Mollow McKew is a career neocon and registered foreign lobbyist for the former
Soviet country of Georgia.

The NYT also cited in this article employees of New Knowledge. New Knowledge
is the company that create fake bots to influence the Albamma election. The
scheme involved New Knowledge creating bots that appeared to be Russian and
then spreading fake stories in US corporate media that the Russians were
attempting to influence the Alabama election.

[https://www.nytimes.com/2018/12/19/us/alabama-senate-roy-
jon...](https://www.nytimes.com/2018/12/19/us/alabama-senate-roy-jones-
russia.html)

These are the sources that the NYT uses to "debunk" claims about 5G? A
conspiracy theorist who is a registered foreign lobbyist and a fraud who tried
to influence an election using fake Red Scare tactics?

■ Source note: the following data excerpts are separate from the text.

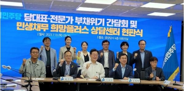 민주당은 13일 오전 부채 문제로 극단적인 선택을 하는 가구들이 늘어나고, 빚을 갚으면 생계가 어려운 국민이 300만 명에 육박하는 현실을 민생부채 위기상황으로 진단하고 이를 해소하기 위한 방안으로 민생부채 상담센터를 열었다.
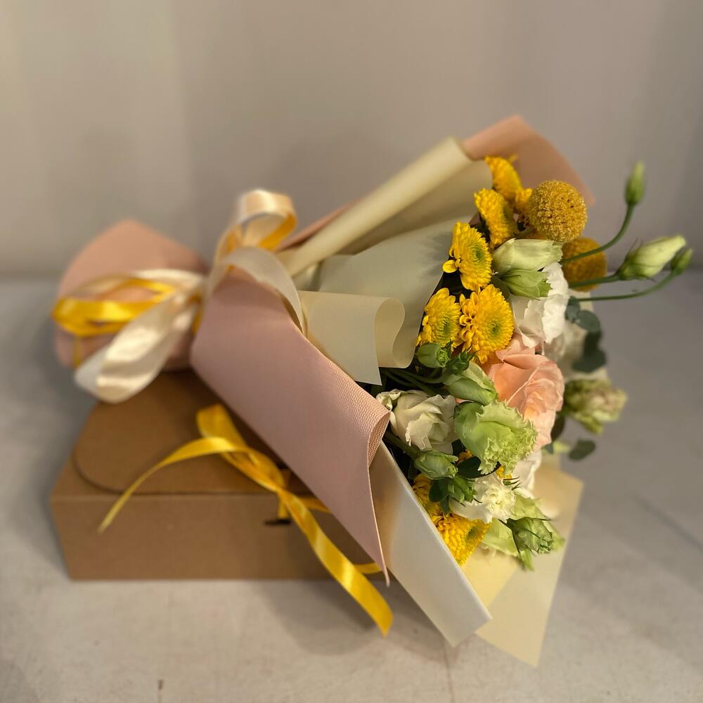 Роза садовая – 1 шт.Лизиантус – 2 шт.Хризантема кустовая – 3 шт.Краспедия – 2 шт.зелень декоративная – 1 шт.Упаковка дизайнерская – 1 шт.Лента атласная – 1 шт.Открытка – 1 шт.крафтовая коробочка – 1 шт.Эклер – 1 шт.канеле – 1 шт.ром баба – 1 шт.миндальная конфета – 1 шт.Фруктовая корзина – 1 шт.
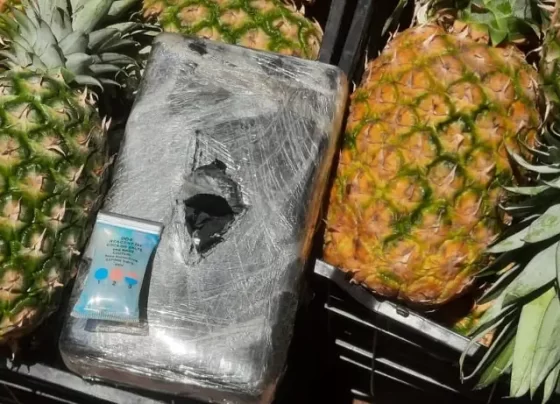 Elementos de la Guardia Nacional aseguraron un tráiler cargado con piñas en el que ocultaban paquetes con 310 kilos de…
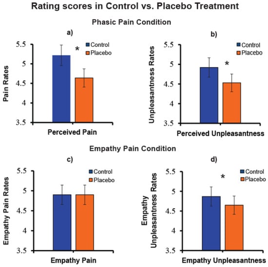 (a) Pain rating mean values of perceived pain in control and placebo treatment (N = 63); (b) Unpleasantness values of perceived unpleasantness mean values in control and placebo treatment (N = 63); (c) Empathy for pain mean ratings in control and placebo treatment (N = 63); (d) Empathy for unpleasantness mean ratings in control and placebo treatment.“*” Significant planned comparisons, p < 0.05.
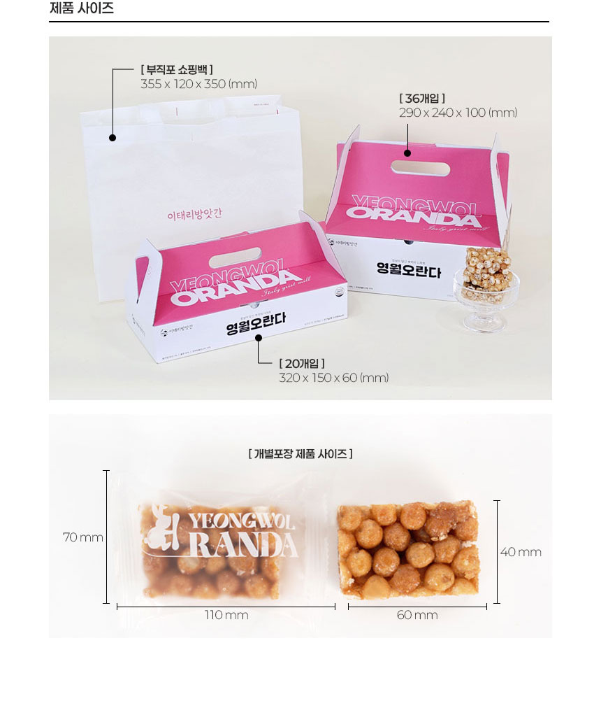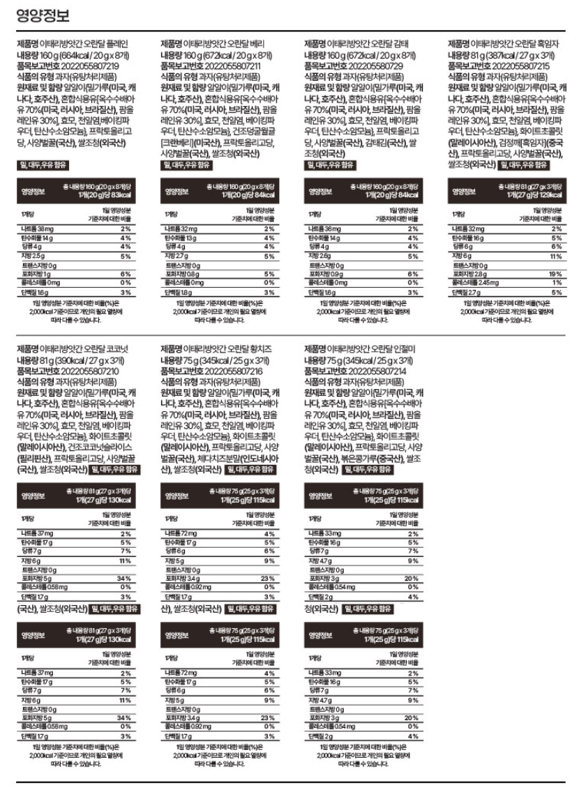 | 포장단위별 내용물의 용량(중량), 수량 | 평균 20g/총 36개(7가지 종류 혼합 구성) |
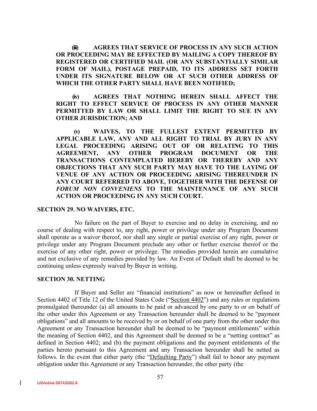57 USActive 58743092.9 (iii) AGREES THAT SERVICE OF PROCESS IN ANY SUCH ACTION OR PROCEEDING MAY BE EFFECTED BY MAILING A COPY THEREOF BY REGISTERED OR CERTIFIED MAIL (OR ANY SUBSTANTIALLY SIMILAR FORM OF MAIL), POSTAGE PREPAID, TO ITS ADDRESS SET FORTH UNDER ITS SIGNATURE BELOW OR AT SUCH OTHER ADDRESS OF WHICH THE OTHER PARTY SHALL HAVE BEEN NOTIFIED; (iv) AGREES THAT NOTHING HEREIN SHALL AFFECT THE RIGHT TO EFFECT SERVICE OF PROCESS IN ANY OTHER MANNER PERMITTED BY LAW OR SHALL LIMIT THE RIGHT TO SUE IN ANY OTHER JURISDICTION; AND (v) WAIVES, TO THE FULLEST EXTENT PERMITTED BY APPLICABLE LAW, ANY AND ALL RIGHT TO TRIAL BY JURY IN ANY LEGAL PROCEEDING ARISING OUT OF OR RELATING TO THIS AGREEMENT, ANY OTHER PROGRAM DOCUMENT OR THE TRANSACTIONS CONTEMPLATED HEREBY OR THEREBY AND ANY OBJECTIONS THAT ANY SUCH PARTY MAY HAVE TO THE LAYING OF VENUE OF ANY ACTION OR PROCEEDING ARISING THEREUNDER IN ANY COURT REFERRED TO ABOVE, TOGETHER WITH THE DEFENSE OF FORUM NON CONVENIENS TO THE MAINTENANCE OF ANY SUCH ACTION OR PROCEEDING IN ANY SUCH COURT. SECTION 29. NO WAIVERS, ETC. No failure on the part of Buyer to exercise and no delay in exercising, and no course of dealing with respect to, any right, power or privilege under any Program Document shall operate as a waiver thereof, nor shall any single or partial exercise of any right, power or privilege under any Program Document preclude any other or further exercise thereof or the exercise of any other right, power or privilege. The remedies provided herein are cumulative and not exclusive of any remedies provided by law. An Event of Default shall be deemed to be continuing unless expressly waived by Buyer in writing. SECTION 30. NETTING If Buyer and Seller are “financial institutions” as now or hereinafter defined in Section 4402 of Title 12 of the United States Code (“Section 4402”) and any rules or regulations promulgated thereunder (a) all amounts to be paid or advanced by one party to or on behalf of the other under this Agreement or any Transaction hereunder shall be deemed to be “payment obligations” and all amounts to be received by or on behalf of one party from the other under this Agreement or any Transaction hereunder shall be deemed to be “payment entitlements” within the meaning of Section 4402, and this Agreement shall be deemed to be a “netting contract” as defined in Section 4402; and (b) the payment obligations and the payment entitlements of the parties hereto pursuant to this Agreement and any Transaction hereunder shall be netted as follows. In the event that either party (the “Defaulting Party”) shall fail to honor any payment obligation under this Agreement or any Transaction hereunder, the other party (the
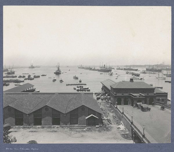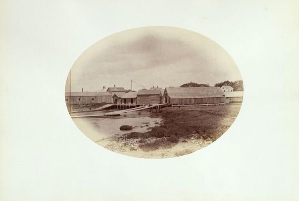 Editor: This print, dating from somewhere between 1870 and 1890, depicts "Buildings and Catholic Church in Port Tawfik at the Entrance to the Suez Canal" by C. & G. Zangaki. It's… well, it's undeniably sepia-toned! I’m also struck by the rigid orderliness of the buildings. What story do you think this image is trying to tell, or perhaps hinting at? Curator: A story? Well, to me, it whispers of ambition, doesn’t it? The Suez Canal, a literal shortcut to dreams – and that Catholic Church standing proudly alongside, feels like an anchor, faith in a place defined by movement and trade. Notice how the light seems to emphasize both the industrial and the spiritual sides of the town. A balance or tension – what do you sense? Editor: I guess I feel a kind of imposed order, almost colonial… The rows of buildings, everything very regimented. Is that fair to say? Curator: Absolutely, fair, love. 'Orientalism' as an artistic style reflects precisely this – the West's perspective *on* the East, sometimes romanticized, sometimes controlled. Look how the viewpoint is elevated, almost like an observation point. Are we truly *part* of the scene, or are we always outside looking in? That is what orientalism brings, right? A bit of outsider's observation of the inside world of others. Editor: Hmmm, that makes me think about how photography itself played a role in shaping those perceptions. It's not just a neutral record, is it? Curator: Precisely! It chooses what to show, how to frame it. Just like us! Thank you for pointing out photography here, as an eye, capturing life from a particular lens, from a specific narrative. Editor: Well, I’ll definitely be looking at similar images with fresh eyes now. So many layers to unpack. Curator: Exactly, like gazing into a dusty, layered mirror. I am equally thrilled to revisit the topic after such an intriguing and engaging exchange.
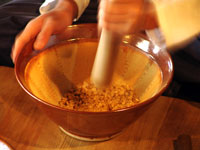 乾燥し終わったものを180度の油で、茶色づくまであげる。ポイントは、揚げる時全体にまんべんなく火が通るように、かき混ぜながら揚げること。
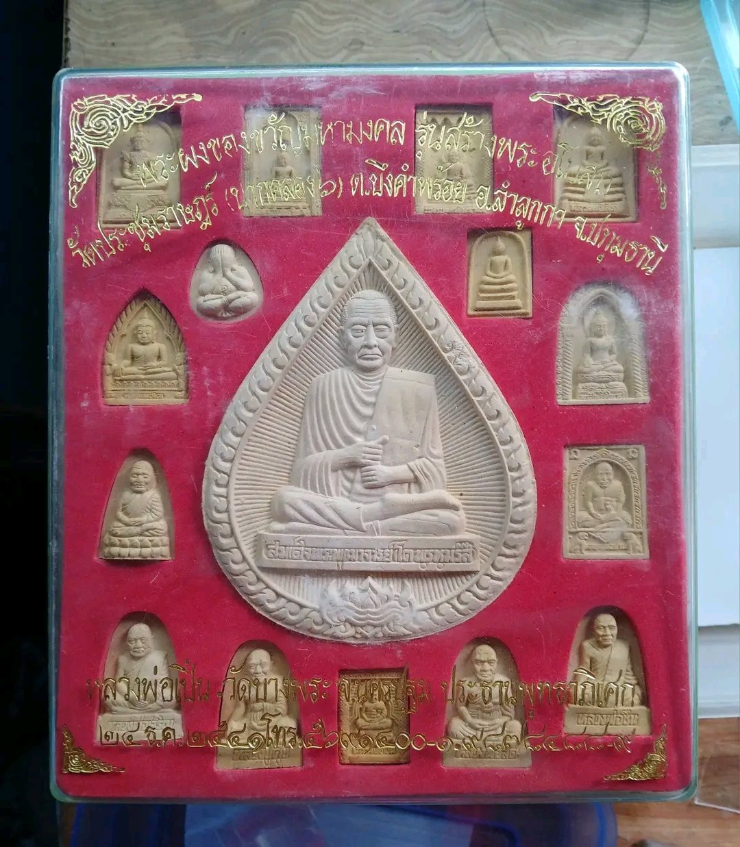 พระผงของขวัญมหามงคล ชุดกล่อง ๑๖องค์ รุ่นสร้างพระอุโบสถ วัดประชุมราษฎร์ (ปากคลอง๖) อ.ลำลูกกา จ.ปทุมธานี ๒๔ธ.ค.๒๕๔๑ หลวงพ่อเปิ่น วัดบางพระ จ.นครปฐม ปลุกเสก

What's even worse, at the bottom of this bit of corporate propaganda using the
Red Scare to squash questions about 5G, the NYT admits:

“In January, The Times announced a joint venture with Verizon to build a 5G
journalism lab.”

------
gnicholas
I feel like I've seen some negative safety coverage about 5g, and now I'm
wondering if it was influenced by this campaign. Are there any legitimate
safety concerns, or is pretty much all of it bunk, as this article indicates?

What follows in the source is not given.